Work instructions: For this exercise, output the entries below exactly from the line that holds "AL-NASR/阿尔纳斯的安" to the line that holds "Avocado Liqueur - branding", both ends included. No pictures belong in the copy.

* * *

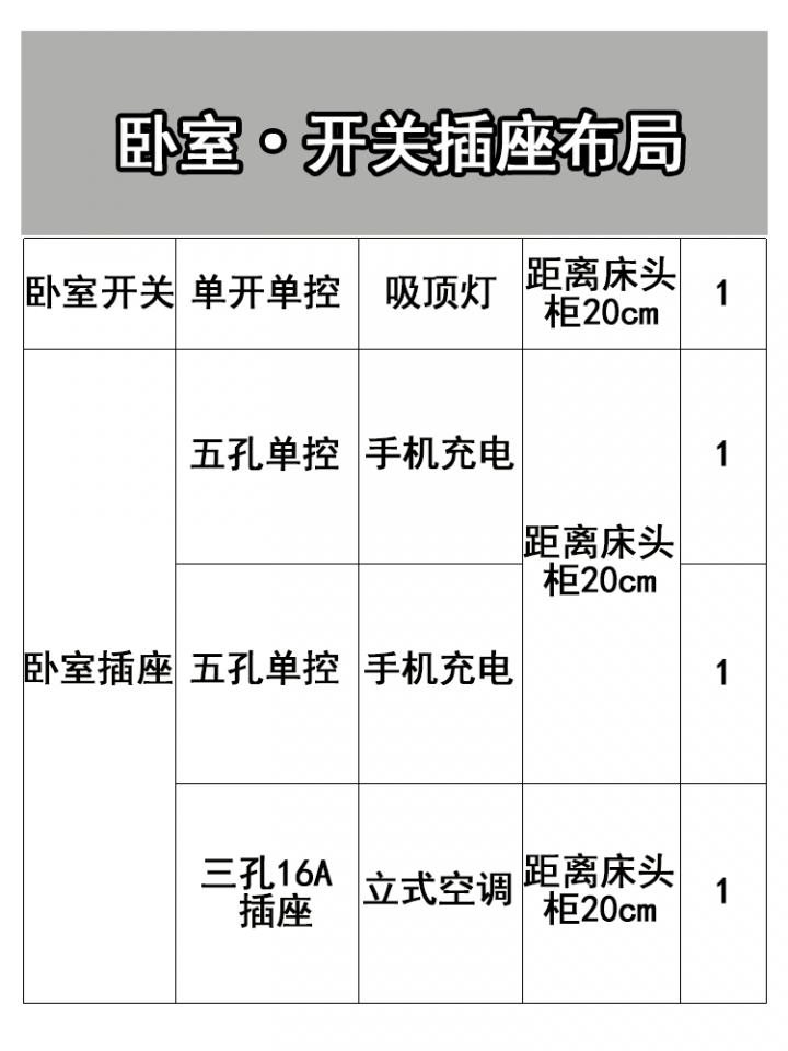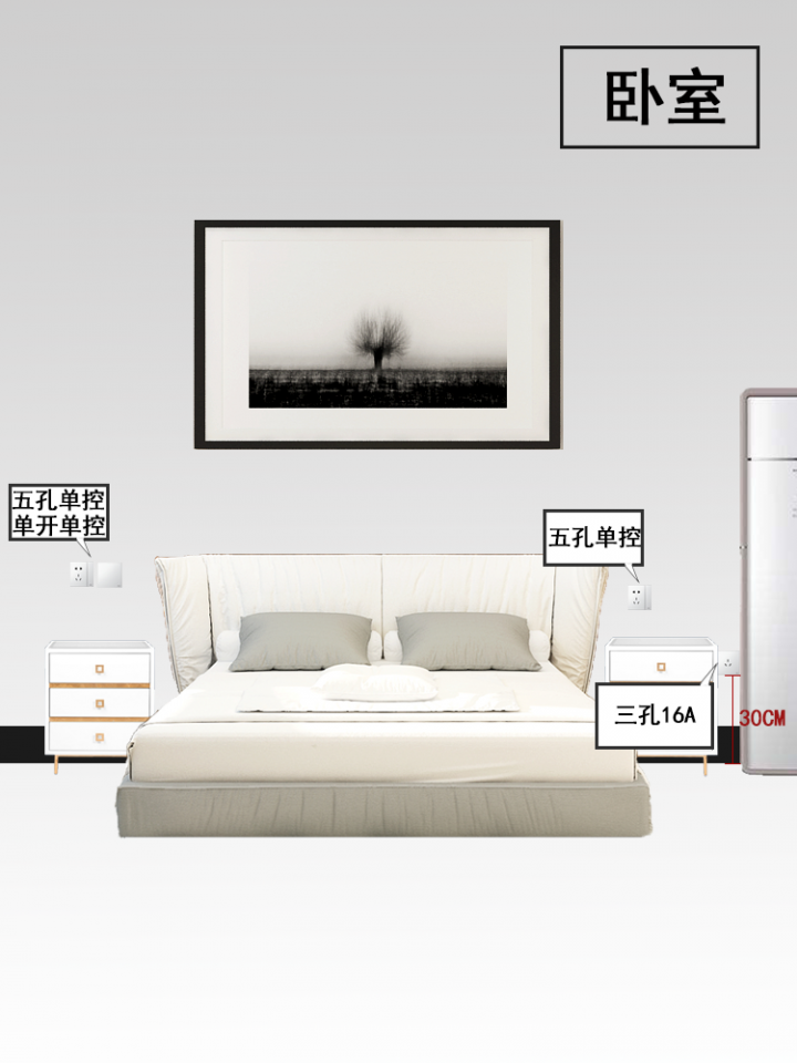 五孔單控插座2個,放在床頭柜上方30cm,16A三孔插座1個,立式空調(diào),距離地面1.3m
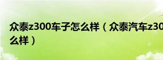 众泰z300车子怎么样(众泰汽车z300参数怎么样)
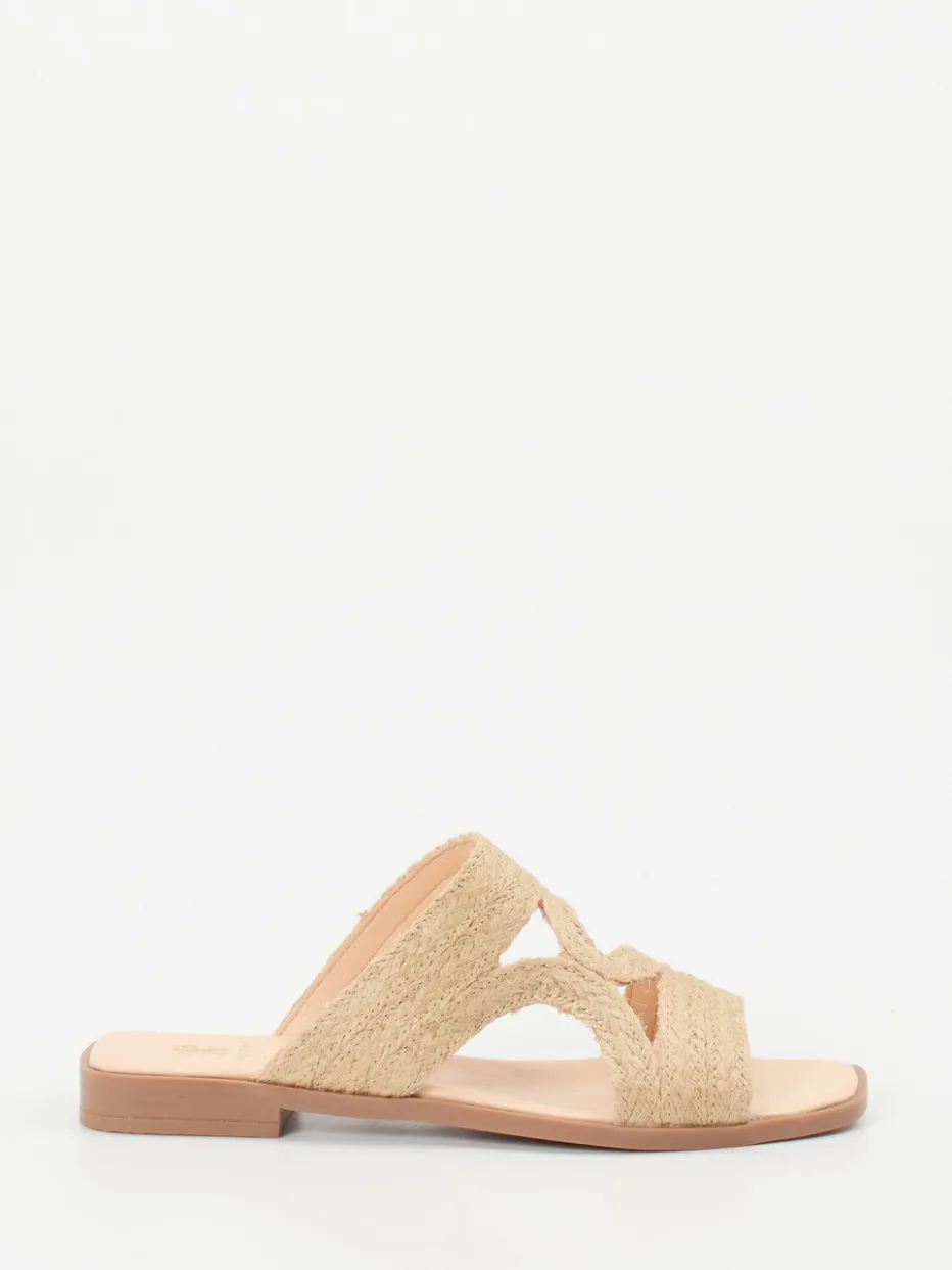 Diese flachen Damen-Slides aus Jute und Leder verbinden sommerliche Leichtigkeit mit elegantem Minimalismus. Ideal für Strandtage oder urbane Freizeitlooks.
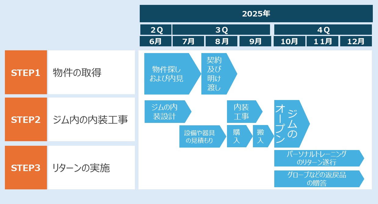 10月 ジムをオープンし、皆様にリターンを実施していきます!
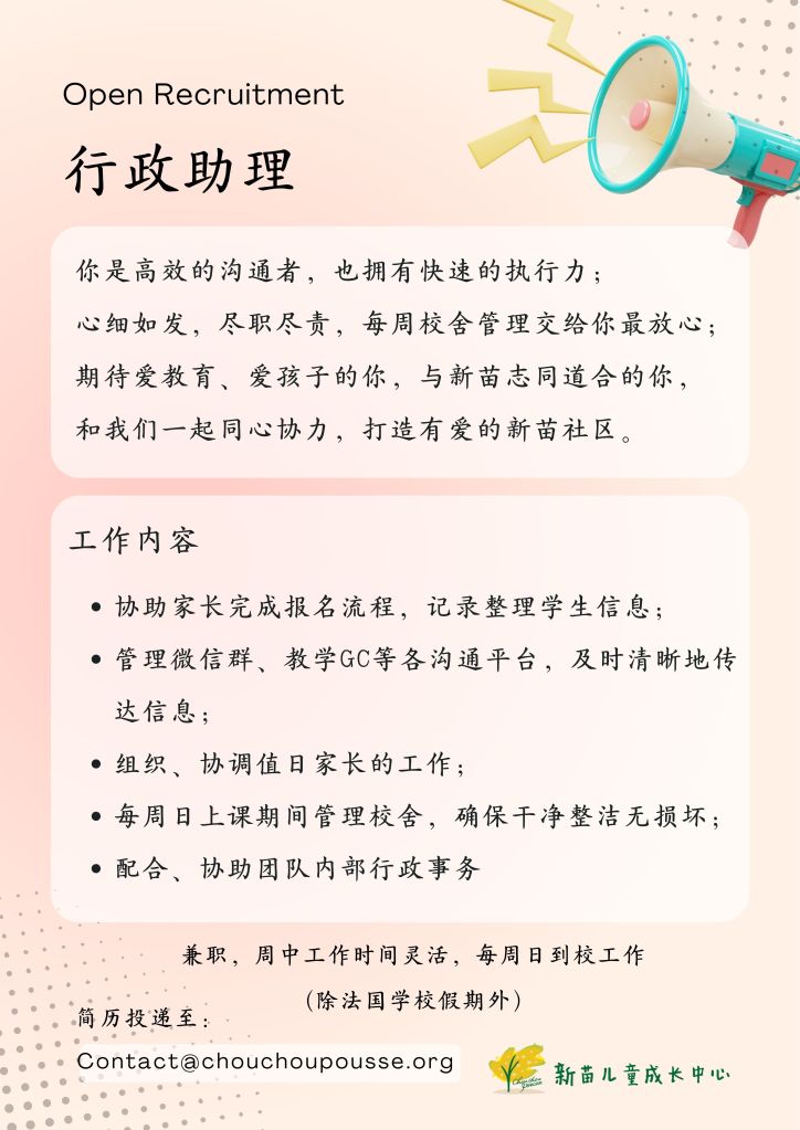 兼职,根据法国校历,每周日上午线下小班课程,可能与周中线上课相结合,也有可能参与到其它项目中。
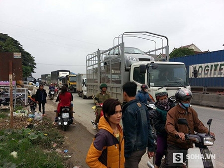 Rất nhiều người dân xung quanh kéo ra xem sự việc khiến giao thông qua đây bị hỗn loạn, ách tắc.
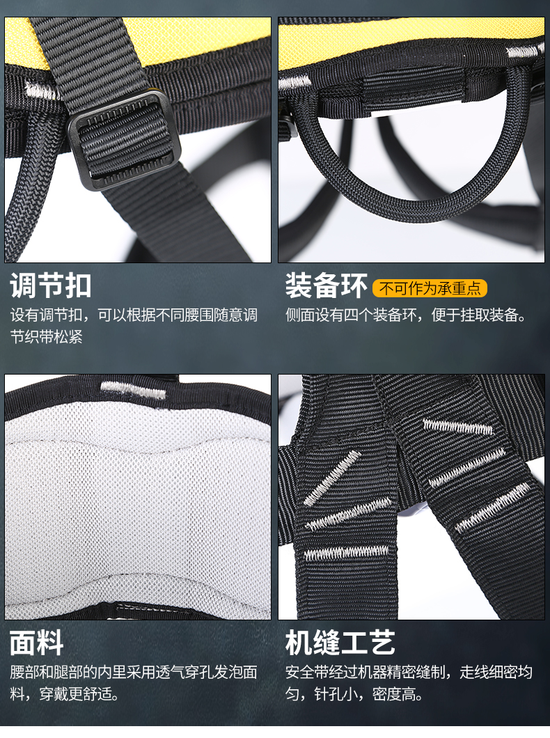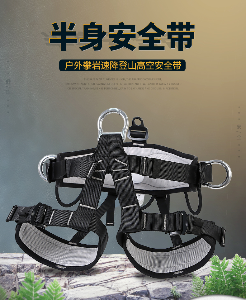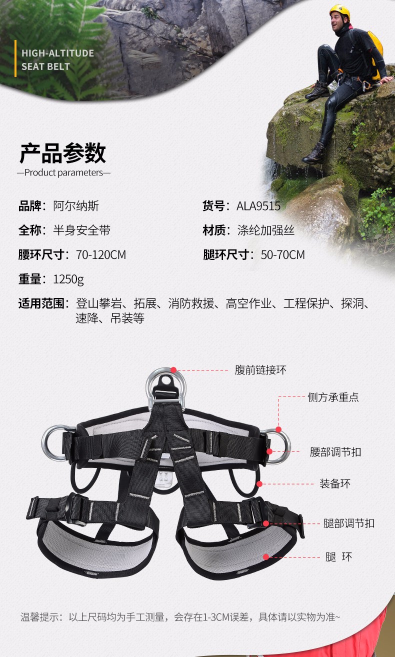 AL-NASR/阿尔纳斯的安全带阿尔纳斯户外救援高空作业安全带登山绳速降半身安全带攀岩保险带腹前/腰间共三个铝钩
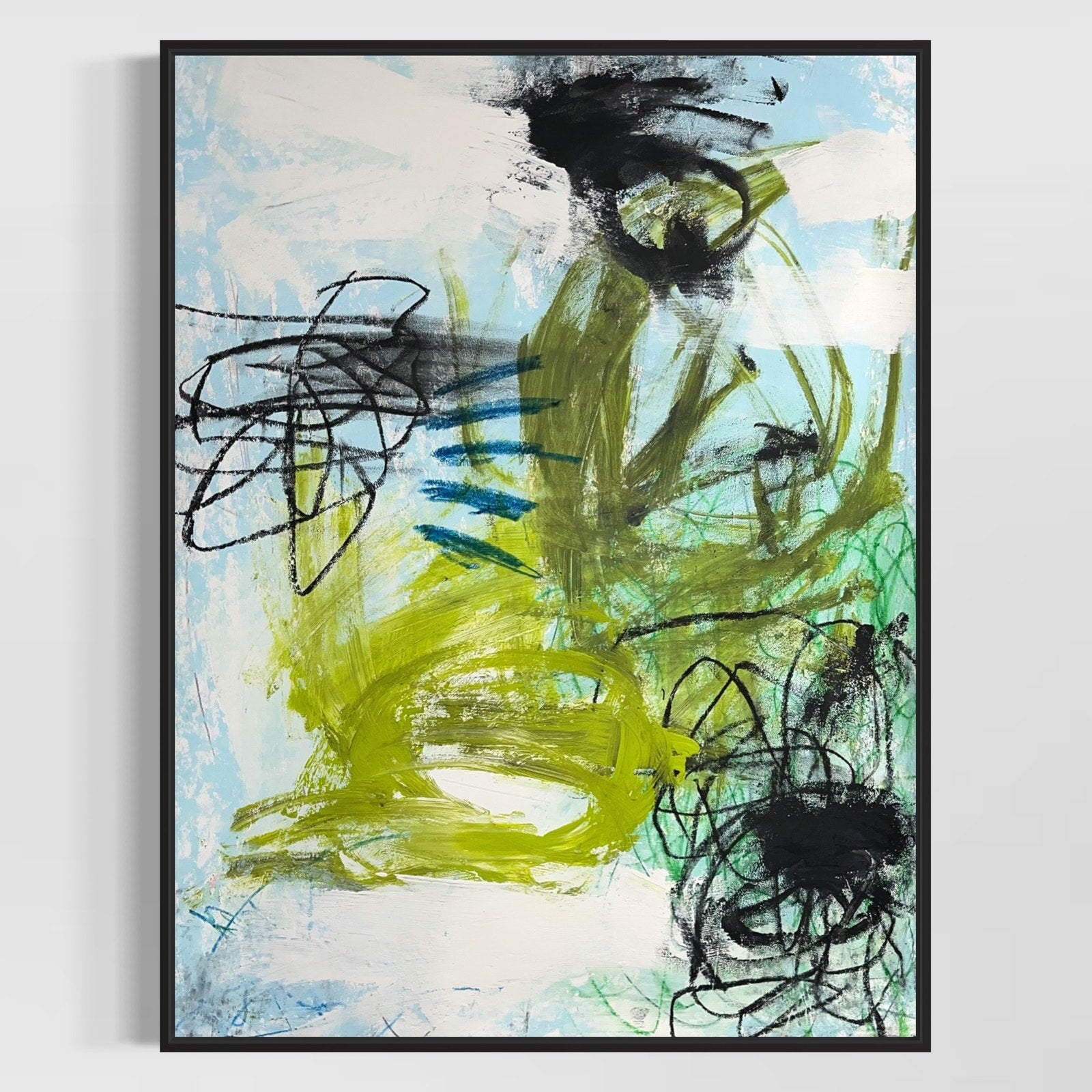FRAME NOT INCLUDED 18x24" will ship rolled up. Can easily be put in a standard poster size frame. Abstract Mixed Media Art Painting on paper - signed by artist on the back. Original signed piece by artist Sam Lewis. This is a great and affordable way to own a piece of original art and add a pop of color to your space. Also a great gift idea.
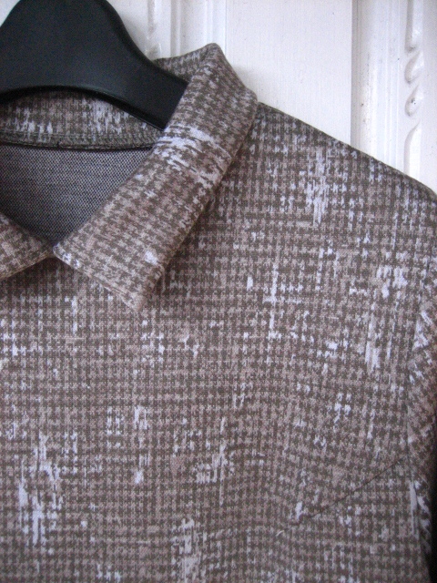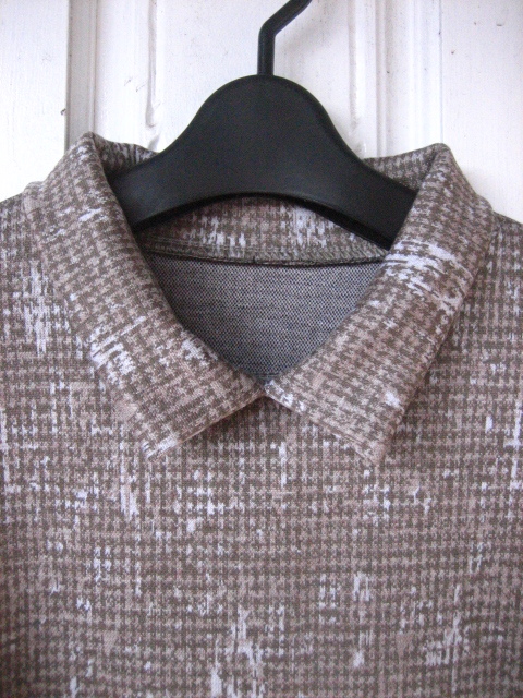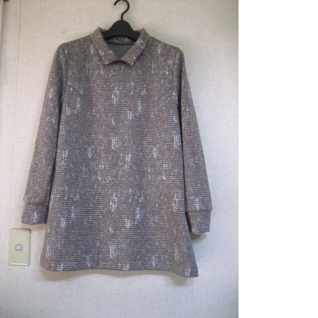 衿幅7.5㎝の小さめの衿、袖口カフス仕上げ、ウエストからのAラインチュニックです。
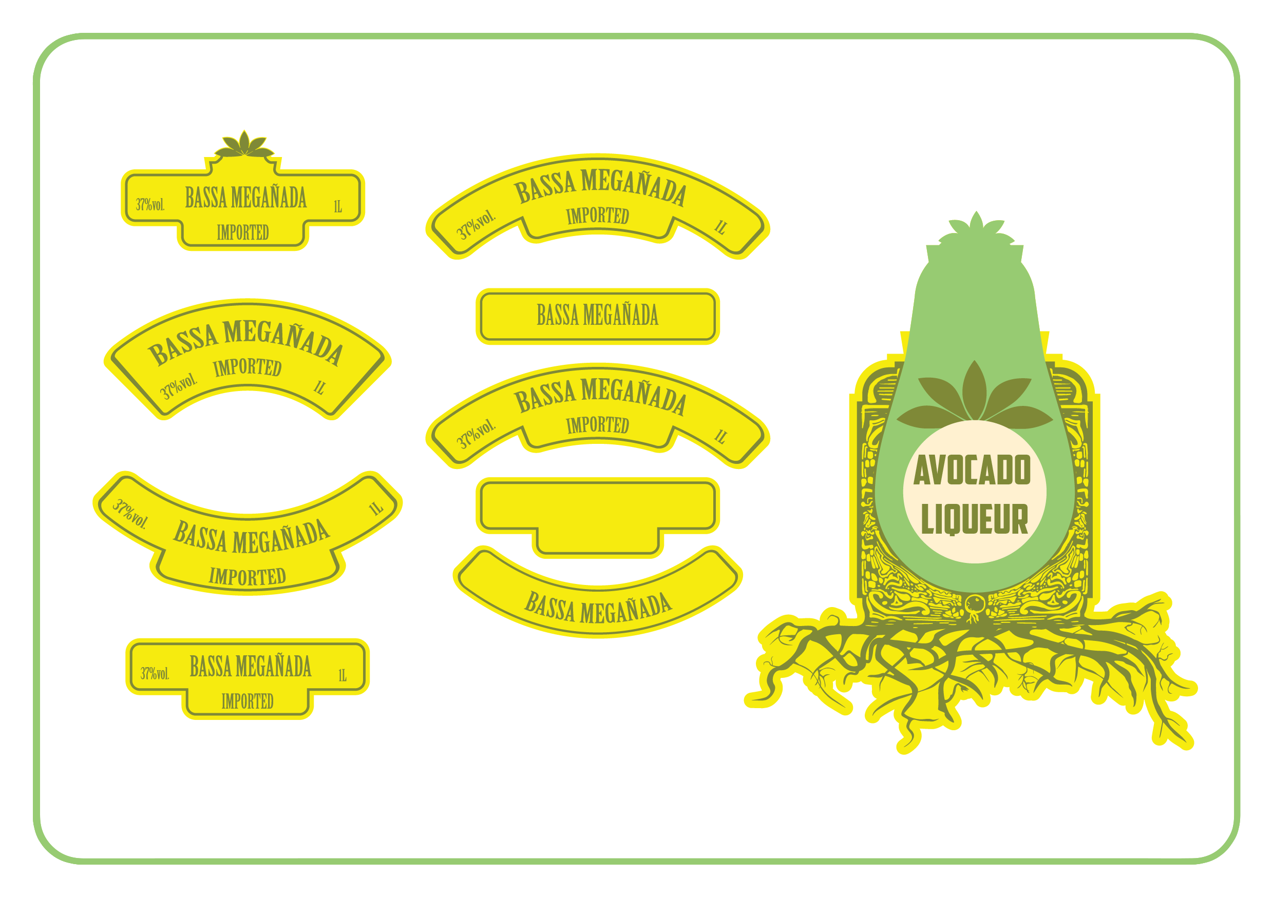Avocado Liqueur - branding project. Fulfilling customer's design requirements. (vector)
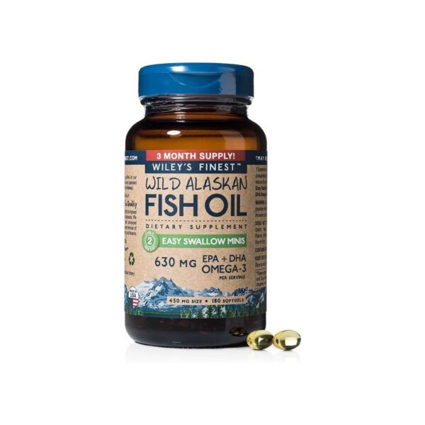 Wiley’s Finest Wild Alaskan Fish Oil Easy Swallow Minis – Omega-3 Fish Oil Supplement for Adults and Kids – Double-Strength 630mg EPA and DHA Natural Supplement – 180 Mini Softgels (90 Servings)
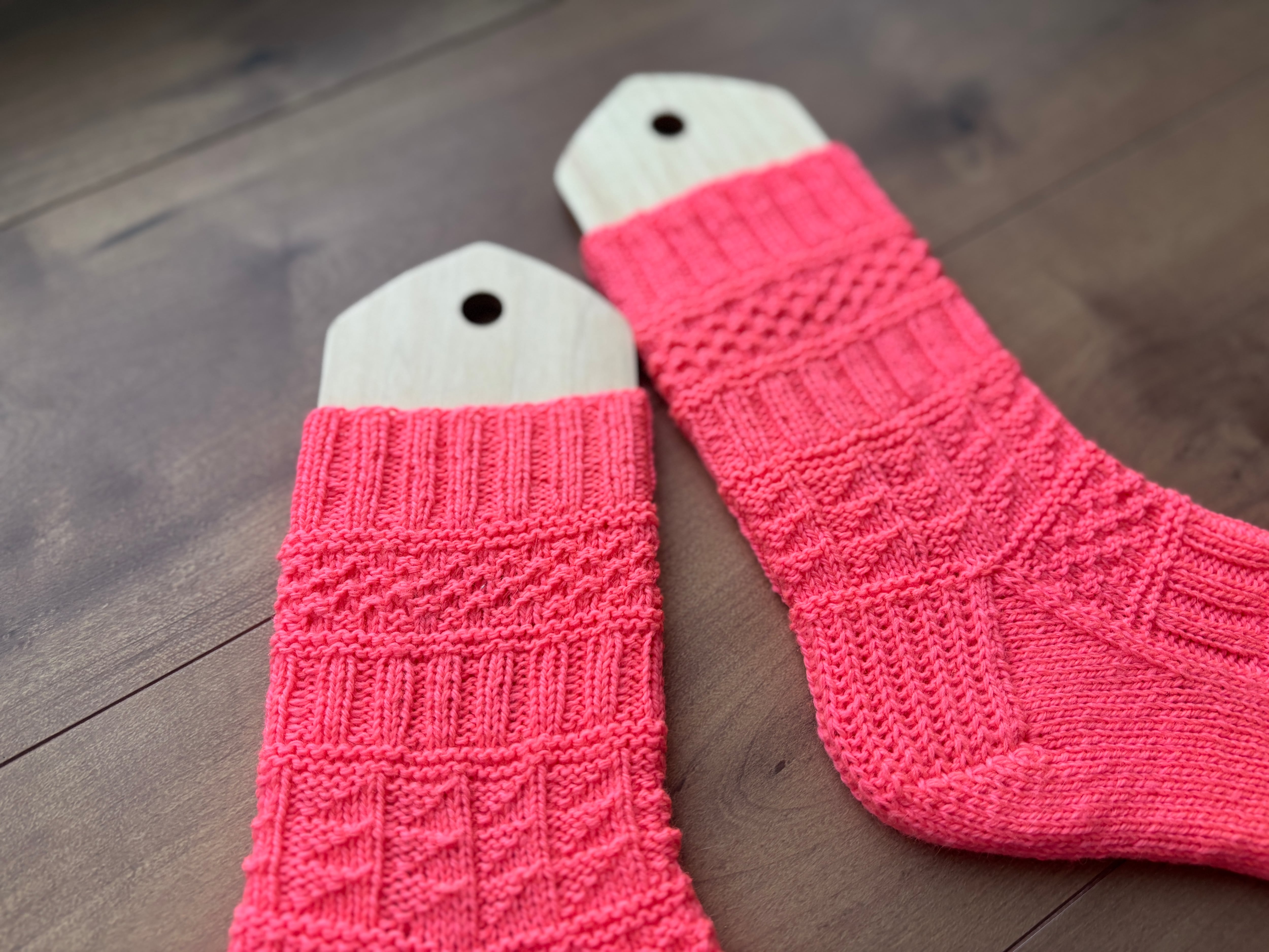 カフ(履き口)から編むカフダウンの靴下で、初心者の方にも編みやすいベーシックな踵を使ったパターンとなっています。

* * *

Finished exercise:
 AL-NASR/阿尔纳斯的安全带阿尔纳斯户外救援高空作业安全带登山绳速降半身安全带攀岩保险带腹前/腰间共三个铝钩
FRAME NOT INCLUDED 18x24" will ship rolled up. Can easily be put in a standard poster size frame. Abstract Mixed Media Art Painting on paper - signed by artist on the back. Original signed piece by artist Sam Lewis. This is a great and affordable way to own a piece of original art and add a pop of color to your space. Also a great gift idea.
 衿幅7.5㎝の小さめの衿、袖口カフス仕上げ、ウエストからのAラインチュニックです。
Avocado Liqueur - branding project. Fulfilling customer's design requirements. (vector)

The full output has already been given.